Anyhow, in the arrangement I'm used to seeing, the host school provides a lot of sweat equity. The cash value may not be huge, but it isn't trivial either. And don't underestimate the fact that "easy to run" vs. "huge staff headaches" is going to come into play when decision-makers decide which events to take on. For extremely lucrative events, maybe venue management says "never mind, just let us take care of those things." But for events that are just barely viable, the deal may collapse like a house of cards without the sweat equity contributed by the host school.
I'll acknowledge that it's highly likely that permanent (or semi-permanent) hosts handle a higher percentage of the work than "one-off" hosts. Maybe that explains some portion of the different experience.
Finally, proximity isn't irrelevant, because travel isn't free. But university staff members can and do travel to work at out-of-town locations. Less common, but not particularly unusual.

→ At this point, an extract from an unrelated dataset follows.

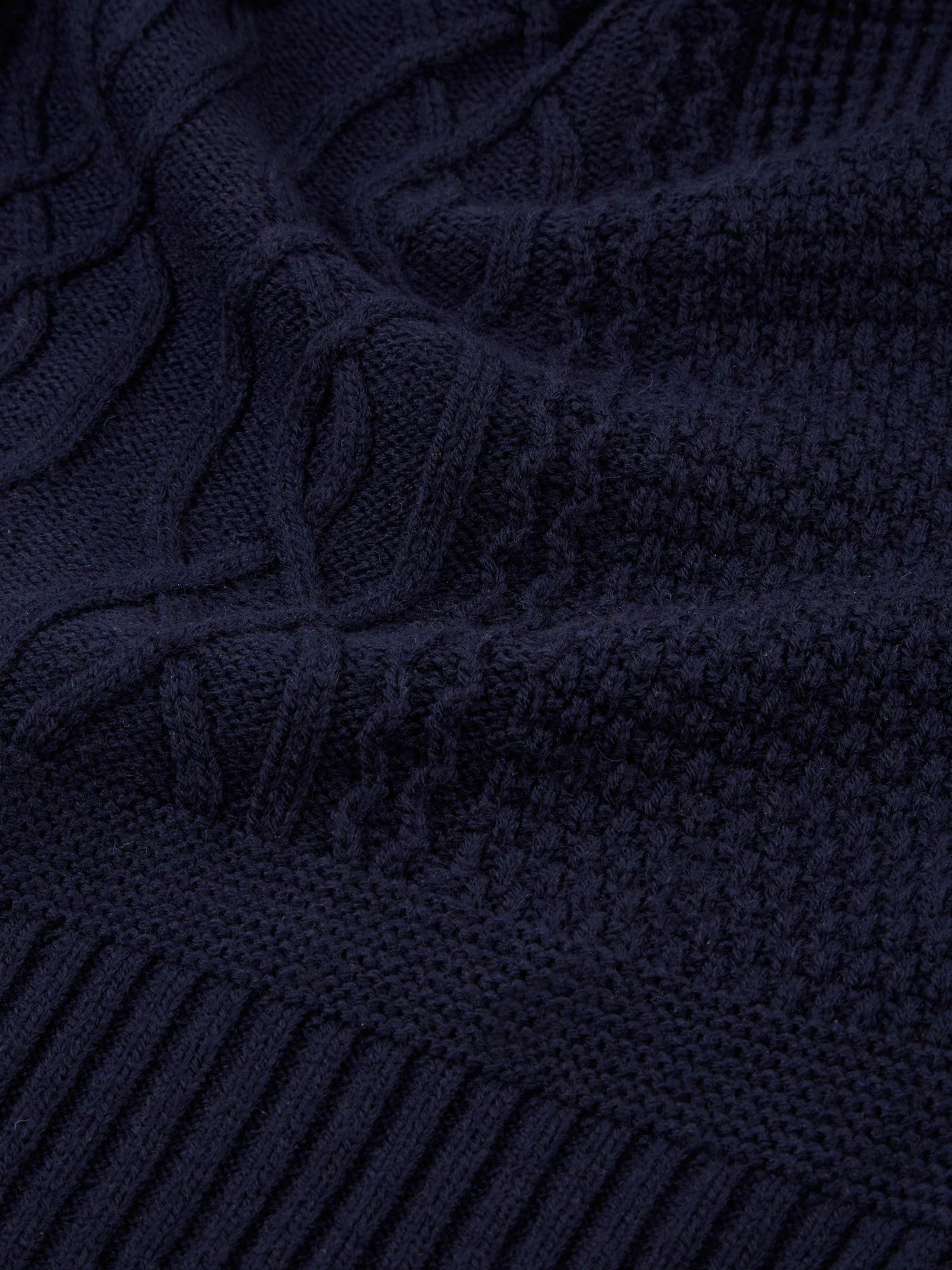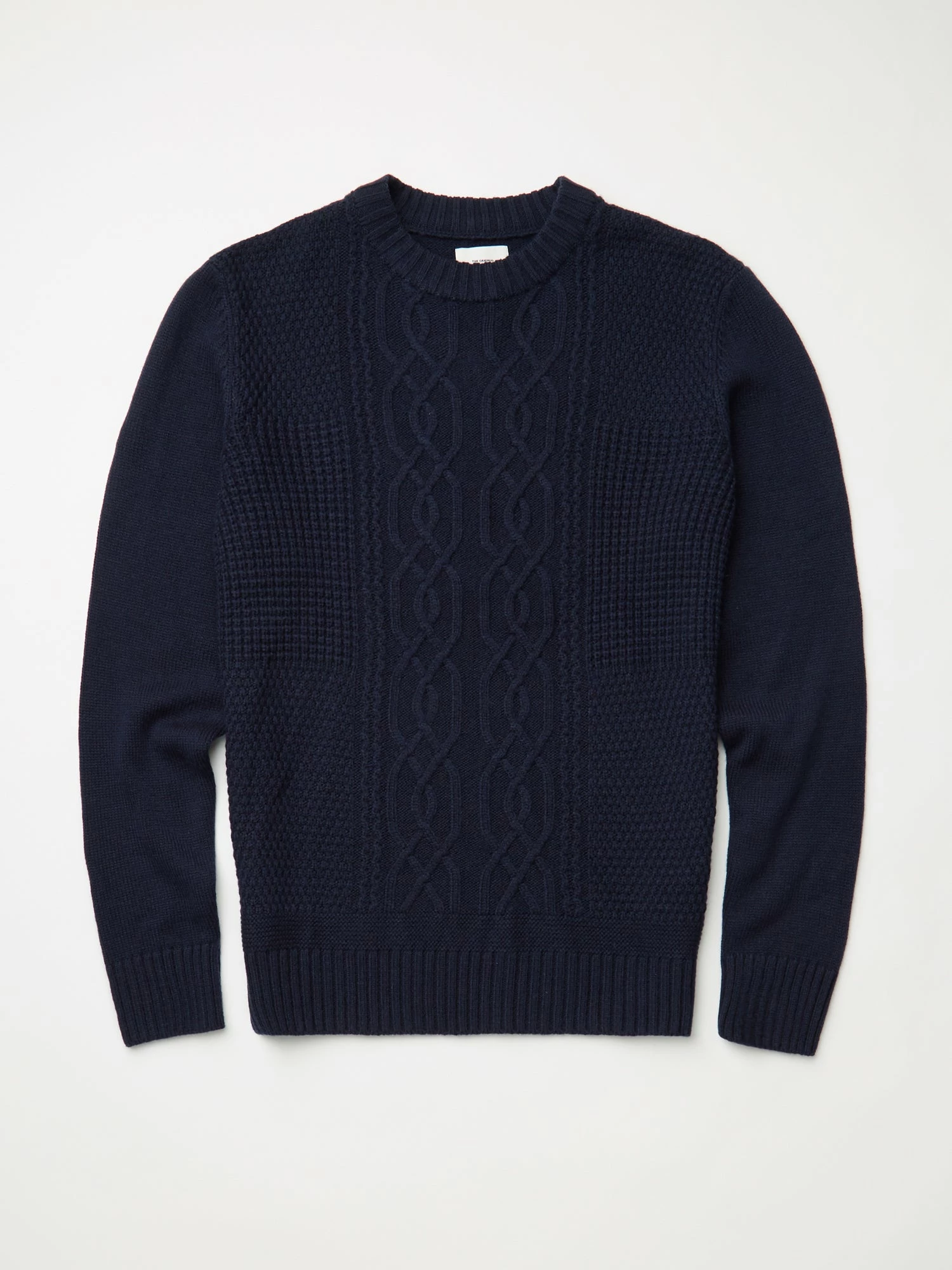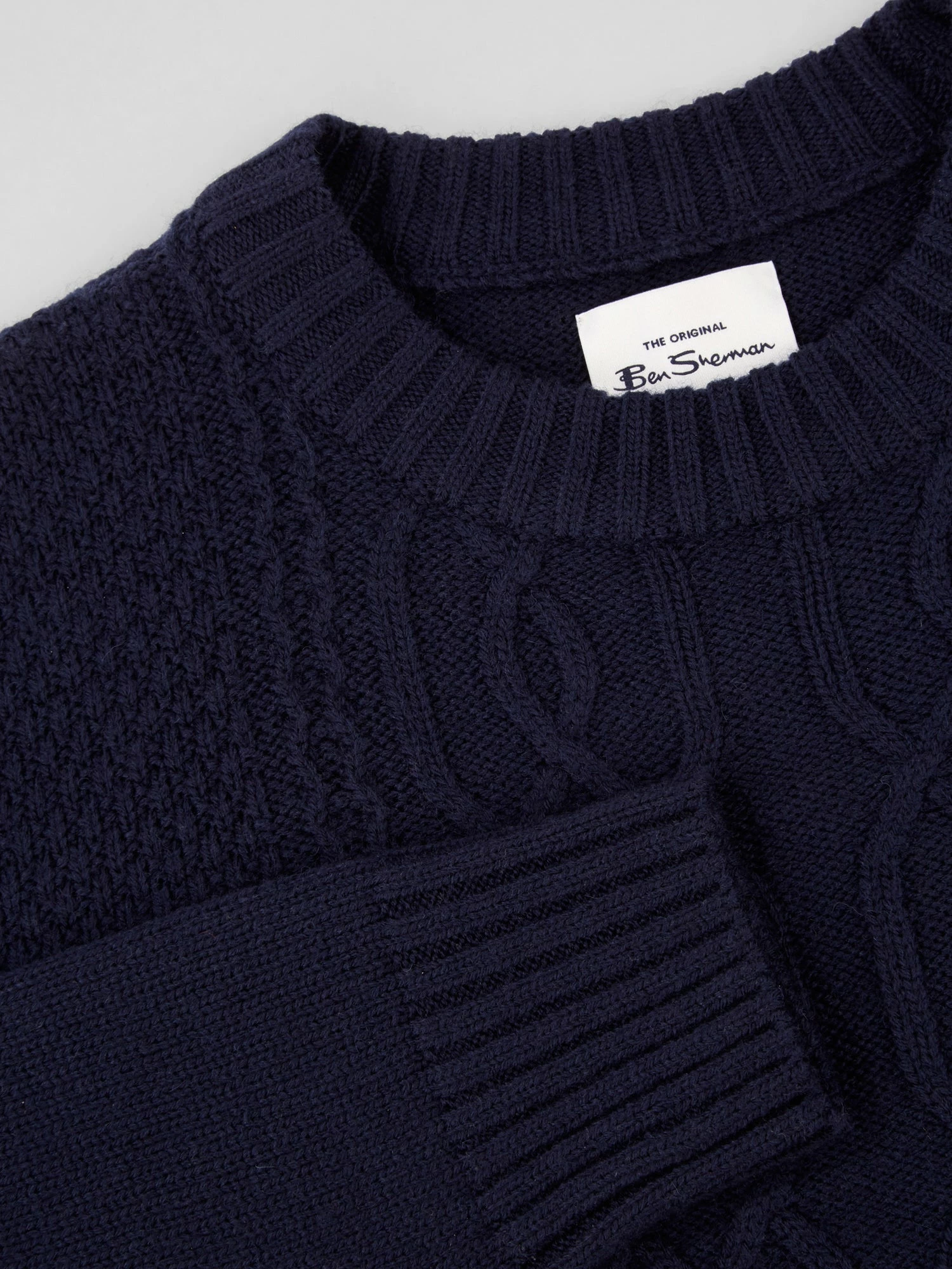 This wool-blend, chunky-knit crewneck jumper is designed with a multi-textured cable-knit to the front and is branded with the Ben Sherman side-tab label. Ribbed hem and cuffs complete the look.

No need for an overly broad "solution." Just change the current requirement. Schools already host events that their own teams aren't competing in. Example: NCAA Men's Hoops. Eliminating host schools to accomplish this goal would needlessly leave staff resources on the sidelines.It does seem to me that getting rid of the school host could accomplish some good by removing the current requirement that if a host school makes the tournament, they have to be sent to the region they host. For example, this year, the NCAA could have sent Providence College to some other regional if they thought it was unfair to Harvard to have to play a lower seeded Providence College in Providence. Or, in the Fargo/Sioux Falls example, if UND made the tournament as a fourth seed, the NCAA could send UND to another regional. Of course if they’re really concerned with attendance, they might choose not to do this, but at least it gives them a choice.
Abandon the "national tournament" for the regionals. Rank the "east" 1-8, rank the "west" 1-8, and have 2 regionals in the east, since that works. In the west, have a super regional, with 8 teams, to determine the 2 west teams going to the F4. This can be done permanently in MSP, at either the X or TC, or rotating between the 2. Of course, the NCAA won't don this.